(COLLECTED DATA begins)

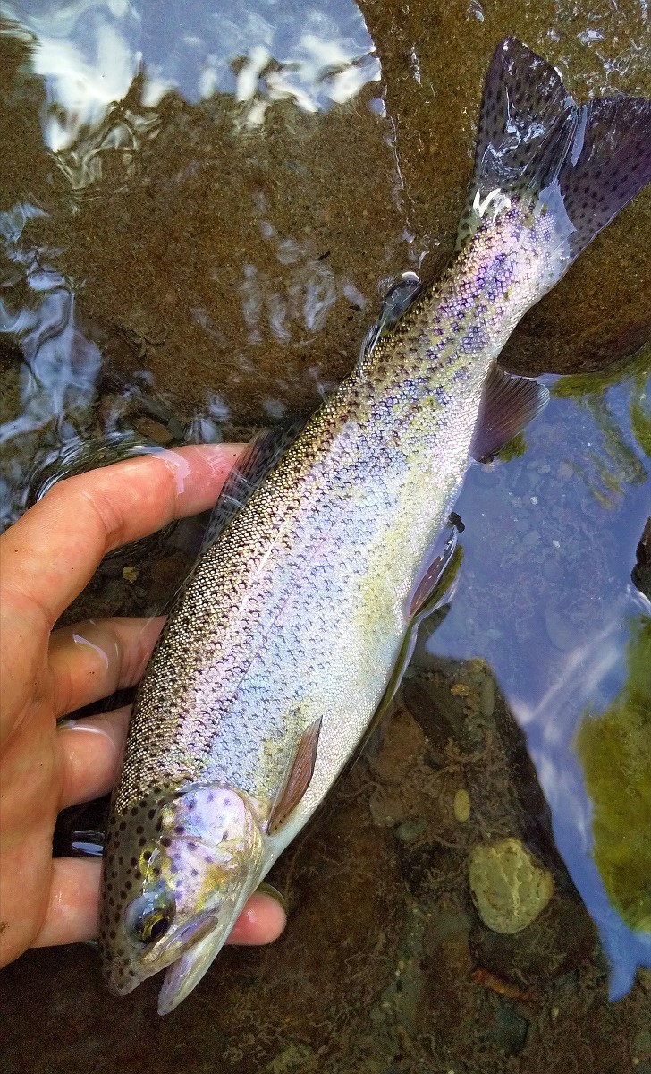 23センチのニジマスがヒット。農村地帯でも十分楽しめますね。ただ今回は大物を狙って早めに上流へ移動する事にしました。
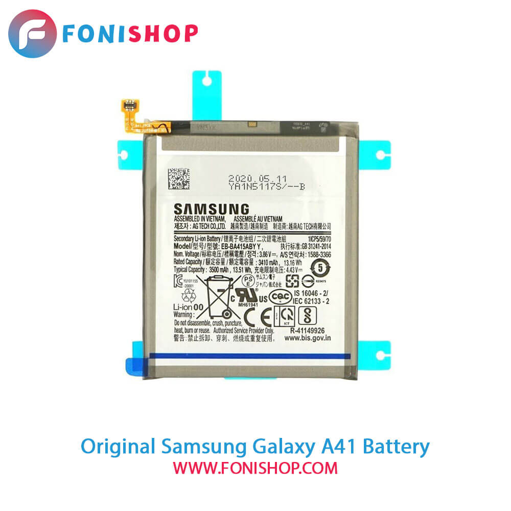 باتری سامسونگ A41 با ظرفیت 3500 میلی آمپر ساعت را می توانید با بالاترین کیفیت و بهترین قیمت از فونی شاپ تهیه نمایید.
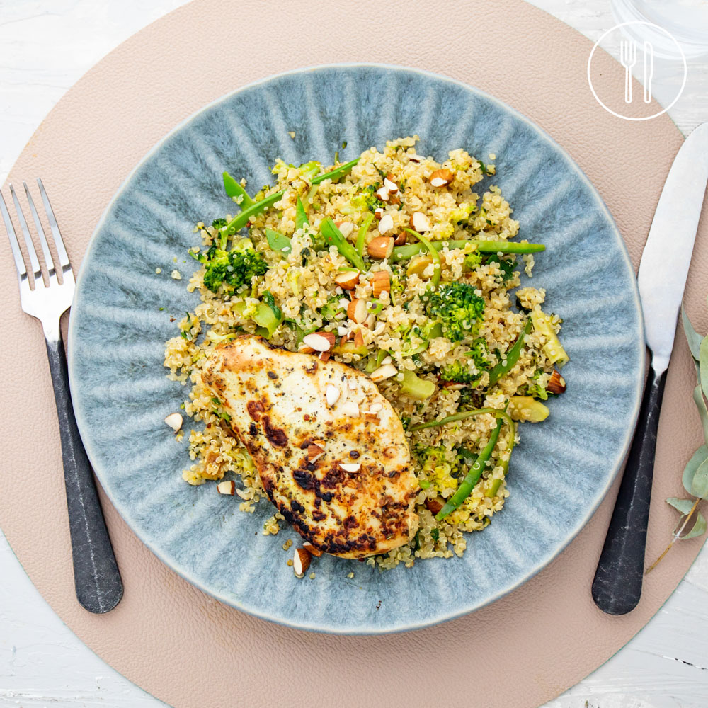 Chicken schnitzels cooked in lemon pepper, served over quinoa and sautéed green vegetables with a lemon dressing and almonds.
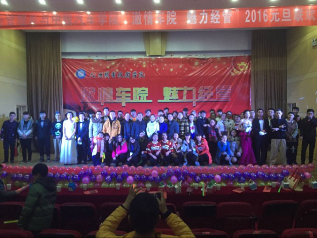 新年的钟声即将敲响,时光的车轮又留下了一道深深的印痕。 公历2015年12月23日晚18点30分,九州职业技术学院经济与管理系携手中锐汽车学院共同举办了以“激情车院,魅力经管”为主题的2016年元旦晚会。院党委书记、院学工处、院团委等相关部门负责人,院长以及学院教师受邀出席了晚会。经管系主任张道响、车院院长王朝忠以及来自全校各系的500余名学生观看了晚会。学术报告厅厅里灯光炫动,人头攒动,掌声雷动。晚会恢弘大气,尽展九州学子的青春风采。

(COLLECTED DATA ends)

**YOUR ASSIGNMENT:** The lines from the one holding "Chicken schnitzels cooked" through the end of the material above are to be echoed exactly, both ends included. Do not include pictures.

**TASK RESULT:**
 Chicken schnitzels cooked in lemon pepper, served over quinoa and sautéed green vegetables with a lemon dressing and almonds.
 新年的钟声即将敲响,时光的车轮又留下了一道深深的印痕。 公历2015年12月23日晚18点30分,九州职业技术学院经济与管理系携手中锐汽车学院共同举办了以“激情车院,魅力经管”为主题的2016年元旦晚会。院党委书记、院学工处、院团委等相关部门负责人,院长以及学院教师受邀出席了晚会。经管系主任张道响、车院院长王朝忠以及来自全校各系的500余名学生观看了晚会。学术报告厅厅里灯光炫动,人头攒动,掌声雷动。晚会恢弘大气,尽展九州学子的青春风采。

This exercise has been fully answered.